If you’re a hardcore fan of the Galaxy’s Greatest Comic then the news that near-forgotten humour strip Bonjo From Beyond The Stars is making a return 40-plus years after the original short series finished will delight or possibly astonish you. Full details of the new Garth Ennis and Kevin O’Neill-created series below. Surely relaunches for The Visible Man, Captain Klep, The Space Girls, Junker and Rick Random are now only just around the corner?
It’s the sequel no-one wanted and which authorities did everything they could to prevent – but the corpulent giant alien Bonjo From Beyond The Stars has escaped and is lurching back into the pages of 2000 AD!
Prepare for a brand new tale of bilious chaos and comical carnage written by Garth Ennis (Preacher, The Boys) and drawn by the legendary artist and original Bonjo creator Kevin O’Neill (Nemesis the Warlock, League of Extraordinary Gentlemen) – coming to the bumper Christmas issue of 2000 AD!
Bonjo From Beyond the Stars: Solids in the Bile Tube is a thirteen-page one-off story in 2000 AD Prog 2312, on sale 14 December 2022.

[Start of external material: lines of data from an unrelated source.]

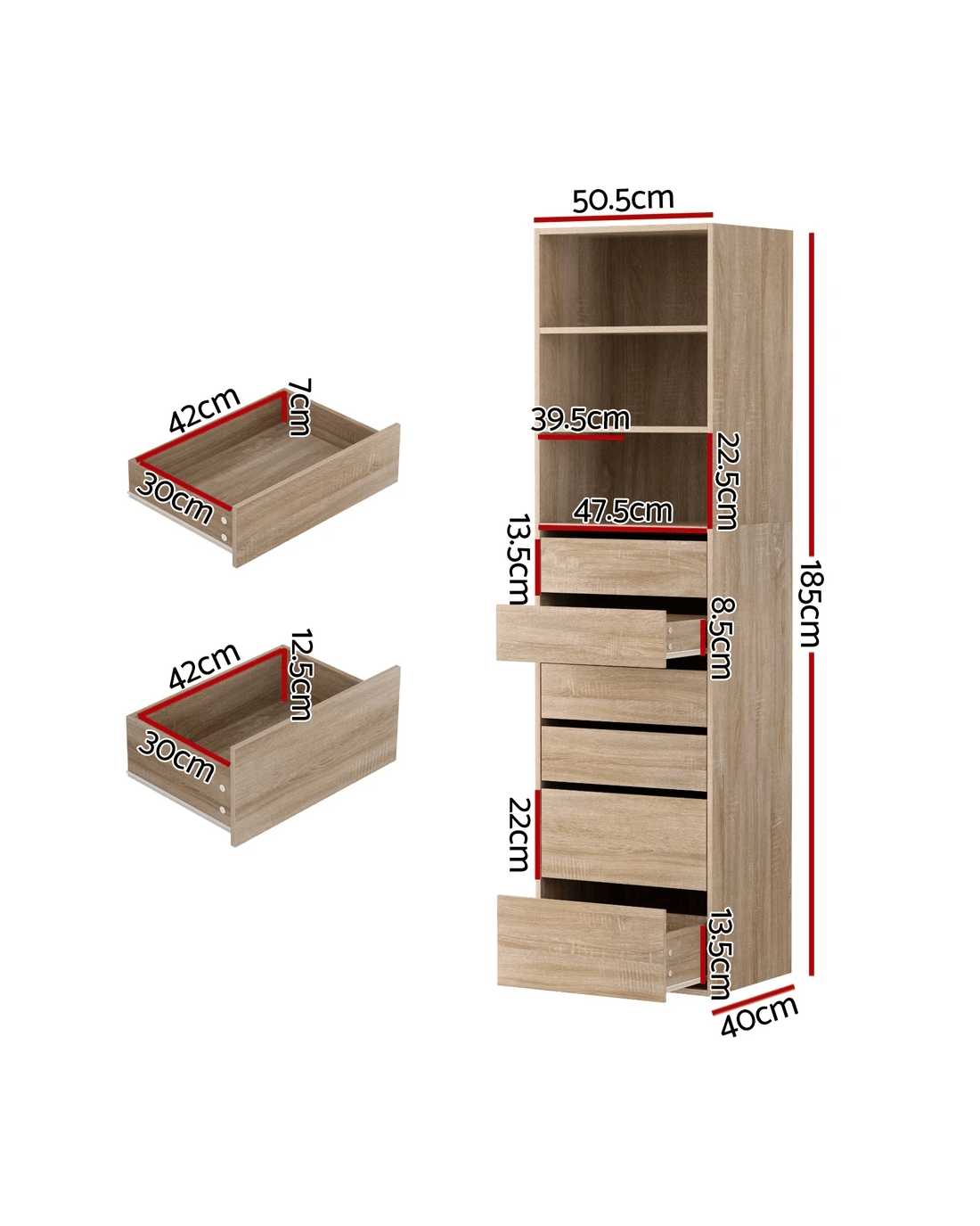 Overall dimensions: 50.5cm x 40cm x 185cm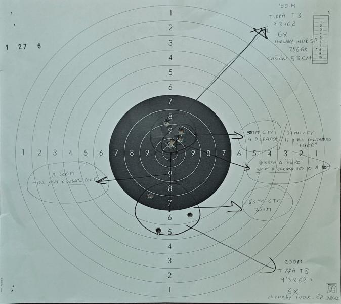 Creo que por las anotaciones queda claro el ewuipo utilzado y las agrupaciones a 100m y 200m. Espero que se vea bien.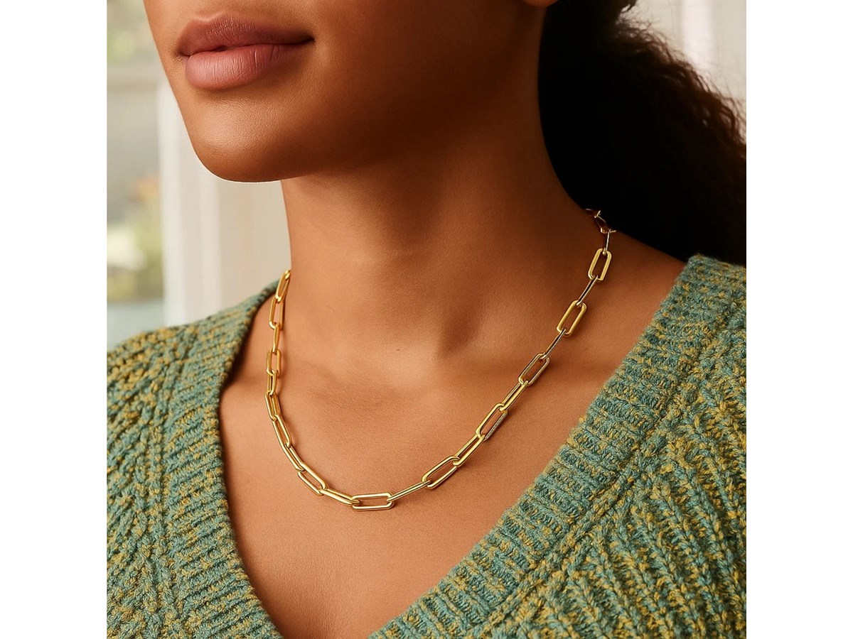 Designed for both depth and dimension, this 14k yellow gold domed paperclip necklace features sleek, elongated links with a convex shape that enhances light reflection and creates a sculpted effect. The domed design adds a refined touch, giving the classic paperclip style a more substantial, elevated look. Finished with a pear-shaped lobster clasp for secure wear, this necklace makes a subtle yet striking statement—perfect for layering or wearing solo with effortless sophistication.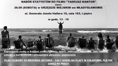 Agencja Castingowa OUTSIDE ogłasza nabór statystów do filmu „Tadeusz Kantor”. Zapisy: sobota (26 września) w godz. 13:00–19:00 w Urzędzie Miejskim Czytaj więcej…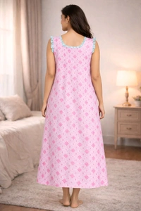 Women’s Cotton Nighty | Pink Printed Sleepwear | Soft & Breathable | Sleeveless | Free Size | Comfortable Fit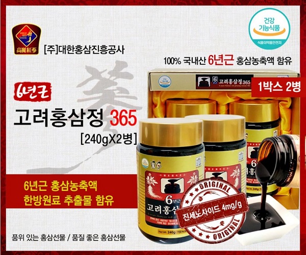 Theo nhiều nghiên cứu: Hồng sâm Hàn Quốc hiện có 32 loại saponin tốt cho sức khỏe, so với 15 loại saponin trong sâm Mỹ và 8 loại saponin trong sâm Nhật. Cao hồng sâm 365 Hàn Quốc 6 năm tuổi là sản phẩm được tạo thành sau khi chiết xuất những tinh túy của củ hồng sâm. Những tinh chất của củ nhân sâm sau những quá trình chế biến công phu sẽ được cô đặc lại thành một loại keo có màu cánh gián vô cùng bổ dưỡng và dễ hấp thu cho cơ thể con người, được gọi là Cao Hồng sâm.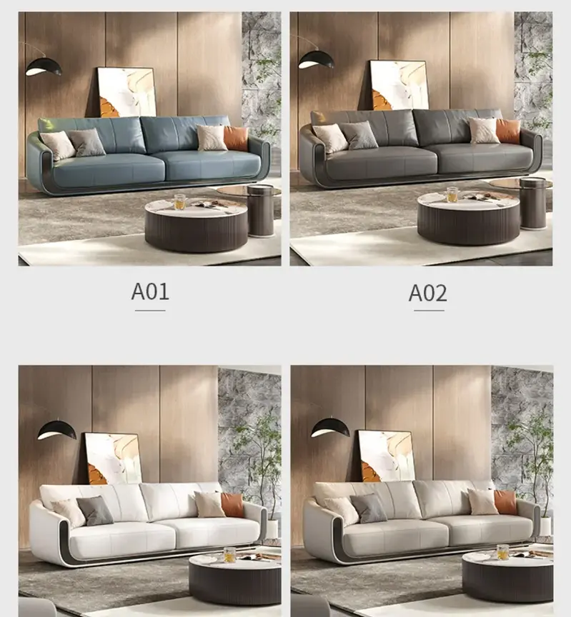 كنب مودرن من تصميم إيطالي مميز يضفي لمسة عصرية وأنيقة على غرفة المعيشة. مصنوع من خامات عالية الجودة، مع هيكل من خشب هندسي وزان روماني، ومحشو بإسفنج عالي الجودة، ومغطى بجلد فاخر. متوفر بمقاسين، 215 سم و280 سم، بألوان متعددة. يأتي مع ضمان لمدة سنتين ضد عيوب التصنيع

The strip marks O’Neill’s return to 2000 AD since drawing the concluding episode in 2000 of Nemesis the Warlock, his and Pat Mills’ groundbreaking series that began in 1980 and sealed O’Neill’s reputation as an artist of extraordinary skill and imagination.
However, Bonjo is no brave alien freedom fighter but a giant, idiotic alien with a voracious appetite who eats everything he comes into contact with! He now returns – unbidden, unwanted, and unfiltered – to 2000 AD in a gross, madcap and filthy new story that will have readers spraying invective with and at every page!
When Tharg heads to a publishers’ conference and leaves the droids in charge, few expect the chaos that ensues when something emerges from the old filing cabinet marked ‘Progatory’, where old Thrills are supposed to go to die…
Garth Ennis said: ‘Bonjo’s been stuck in my head ever since I first read his adventures back in 1978 – the character himself is adorable, his supporting cast is inspired (M.A.C.H. Sponge, M.A.C.H. Elephant and the heroic M.A.C.H. Aardvark), but the dialogue is simply irresistible: “Darn it- solids in the bile tube again! Have to mash it back down!” and the unforgettable “Uuur, what for you stick plunger up hooter?” A question well worth pondering; I find myself remembering that one almost daily.
‘The story features Bonjo reappearing at the worst possible time in the worst possible way, as a money-hungry Tharg tries to impress other publishers with crossover possibilities featuring the Galaxy’s Greatest. What’s that stirring in the bottom drawer of the old King’s Reach Tower filing cabinet? Why should you never play poker with the VCs? And will Tharg’s droids save the day, or will they make things catastrophically worse?
‘Kev and I had a hoot with Kids Rule OK in the Battle Action special, and I was delighted when he got in touch about doing another short story. Bonjo immediately came to mind- it’s not quite my first exposure to his work, which pops up all over the early progs, but it’s close enough. Bonjo provides a nice opportunity to talk about embarrassing old concepts that emerge right when you don’t want them to- which let’s face it, is something that makes everyone laugh.
‘Or if not everyone, me and Kev.’
Kevin O’Neill said: ‘In space nobody can hear you- laugh! But Mad #215 used it: so BONJO 2: THIS TIME IT’S WARM! Kevin and Garth reboot unwanted, unloved and unburied page filler nobody asked for – took the Galactic Groats and ran.’
Matt Smith, editor of 2000 AD, said: ‘For the last forty-four years, Squaxx dek Thargo [readers of 2000 AD] had thought their progs were safe, that they’d seen the last of the interstellar menace. But he’s back, and not even Tharg can stop him. Bonjo From Beyond the Stars has returned in ‘Solids in the Bile Tube’, a thirteen-page story for the Xmas prog brought to you by Garth Ennis and Kevin O’Neill – and yes, it’s every bit as anarchic, filthy and bowel-looseningly funny as you’d expect. Few Thrills get as moist as this one, Earthlets.’
The original short humour strip, published over ten episodes between 1977 and 1978, was inspired by the humour titles of 2000 AD’s then-owners, IPC – including classic series such as Ken Reid’s ‘Faceache’.